El aire en la habitación estrecha e iluminada por el fuego de Nancy se pegaba a mí como una fiebre, cargado con el olor a cera derretida, humo y verdades no dichas. El fuego crepitaba en la chimenea, sus llamas azotando como si también quisieran liberarse del peso sofocante que nos oprimía. Las sombras se retorcían por las paredes, vivas, inquietas—burlándose del silencio entre cada respiración.

Winter estaba sentada a mi lado, rígida como una piedra, sus pálidos dedos tan fuertemente entrelazados en su regazo que parecían esculpidos en hielo. Conocía esa tormenta en sus fríos ojos azules; la había visto mil veces. Furia afilándose contra el miedo. Venganza gritando por ser liberada. Pero el miedo—ese frágil fragmento que nunca dejaba ver a nadie más—eso lo reservaba para mí.
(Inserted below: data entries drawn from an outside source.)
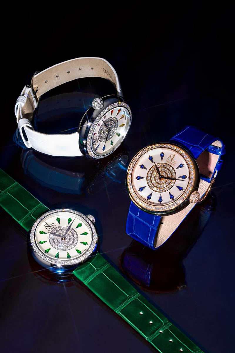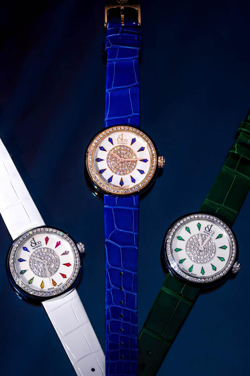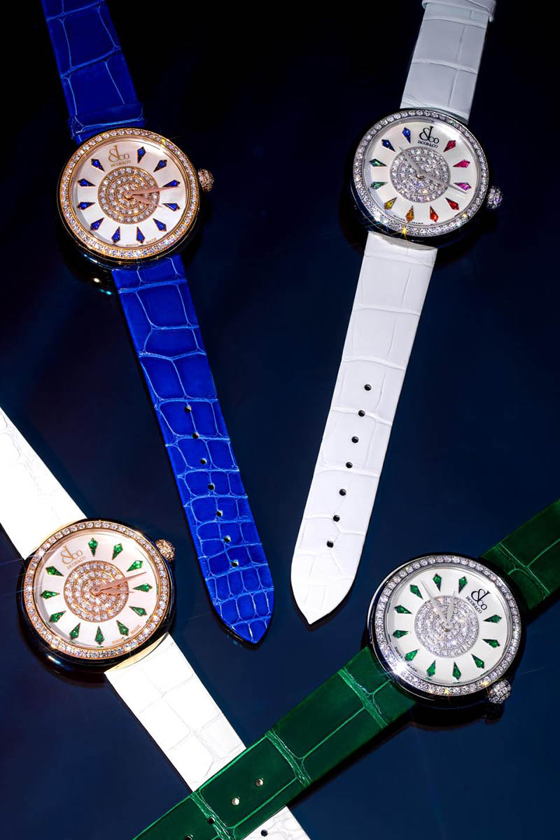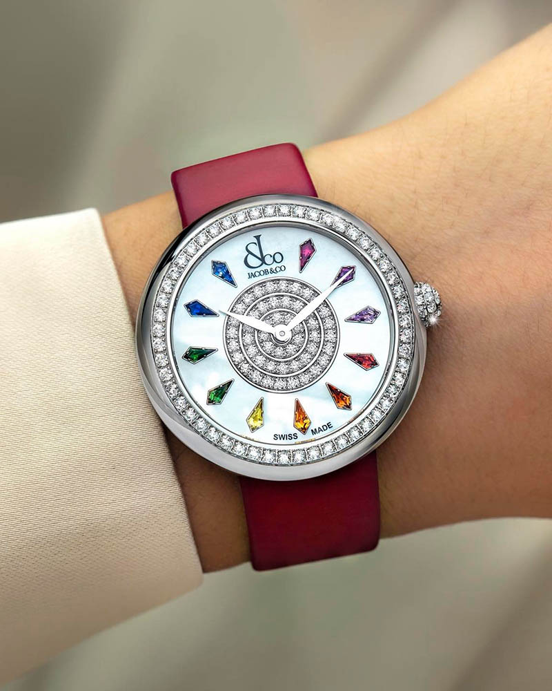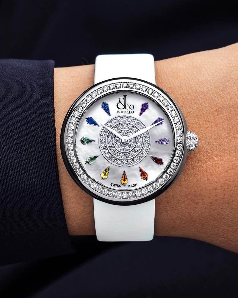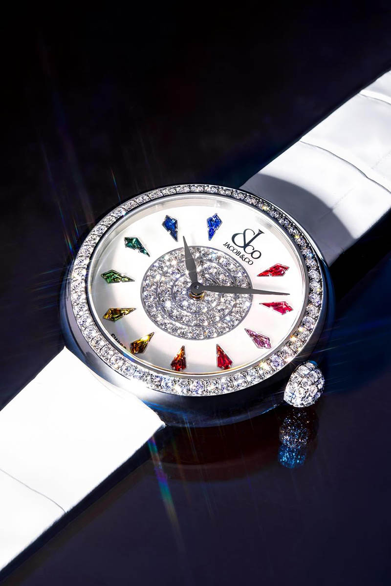 Cadranul din sidef este decorat cu un medalion central din diamante și o ramă de diamante dispusă în jurul acestuia. Tăietura „kite-cut”, extrem de rară și exclusivă Jacob & Co., conferă un caracter unic piesei, iar indicii orari sunt realizați din safire multicolore tăiate în aceeași formă de zmeu. În total, ceasul este împodobit cu 133 de diamante albe, aproximativ 2.35 carate, din care 31 de diamante (aprox. 0.39 carate) se află pe coroană, și 11 indecși din safire multicolore în total de aproximativ 0.44 carate.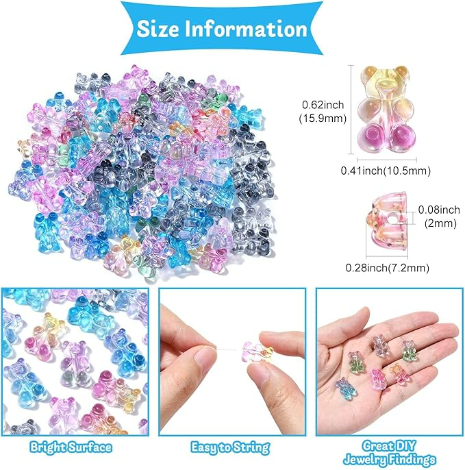 Idealne, jeśli robisz bransoletki i inne wyroby biżuterii hand made, zwłaszcza te personalizowane. Koraliki są wykonane z trwałego akrylu, nie tracą koloru. Są świetne do wykonania breloków, zawieszek i zakładek do książek. Fajnie wyglądają w bransoletkach z koralików fimo katsuki oraz do koralików literki. Uwaga, otwór przechodzi pionowo przez środek misia (wzdłuż).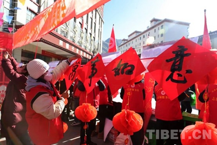活動現(xiàn)場,隨處可見的中國紅,吸引了眾多市民。一個個書案邊圍滿了人,山南市書法家協(xié)會的13名書法家現(xiàn)場潑墨揮毫,免費為過往群眾書寫藏漢文春聯(lián),將濃濃的情意、真誠的祝福融入到作品中,“吉祥如意、福如東海、扎西德勒……”字字吉祥,句句喜慶。

Frente a nosotros, Nancy se mantenía con su habitual compostura, una sonrisa astuta curvándose como humo en las comisuras de su boca. Sus dedos tamborileaban contra el brazo de su silla en un ritmo lento y deliberado. Tic. Tic. Tic. No sonaba como impaciencia—sonaba como una cuenta regresiva.

—Entonces —comenzó, con un tono de seda envolviendo acero—, es hora de actuar.

Sus palabras se deslizaron en la habitación como una espada.

—Les he dado las herramientas—los disfraces, las historias, las máscaras. Pero una máscara es inútil sin un escenario. Y el escenario, mis queridos, es la Ciudad Dorada. El corazón palpitante del Reino Lycan —su voz se volvió más baja, más profunda, cargando un peso que hizo parecer que el fuego se atenuaba—. Una ciudad que respira secretos. Cada callejón, cada sonrisa esconde algo. Se moverán a través de ella como veneno por la sangre—invisibles, imparables—hasta que estén frente al palacio mismo.

La sonrisa de Nancy se afiló, sus ojos brillando como obsidiana a la luz del fuego. Se inclinó hacia adelante, bajando su voz a un susurro aterciopelado que erizó mi piel.

—El palacio es el paso final. La última pieza del rompecabezas. Abriré las puertas para ustedes—sin guardias, sin protecciones, sin resistencia. Pero una vez dentro… —hizo una pausa, dejando que el silencio se arrastrara como el filo de un cuchillo por nuestras gargantas—. Lo que digan. Lo que hagan. Eso depende de ustedes.

Su mirada nos clavó a ambos en nuestro sitio, desafiándonos a respirar mal. —El escenario será suyo. ¿Pero la actuación? —Inclinó la cabeza, su sonrisa volviéndose maliciosa—. Ahí es donde nacen las leyendas… o se quiebran.

Me recosté en mi silla, mis dedos tamborileando contra mi muslo, el pulso familiar de la ambición vibrando a través de mí. La Ciudad Dorada. El corazón palpitante del Reino Lycan. Pensar en ello encendía mi sangre, una peligrosa mezcla de hambre y temor. Entrecerré los ojos hacia Nancy, buscando en su rostro la trampa que sabía que estaba allí. —¿Ahora mismo? —pregunté, con voz baja, bordeada de sospecha—. ¿Estás diciendo que puedes meternos en el palacio esta noche?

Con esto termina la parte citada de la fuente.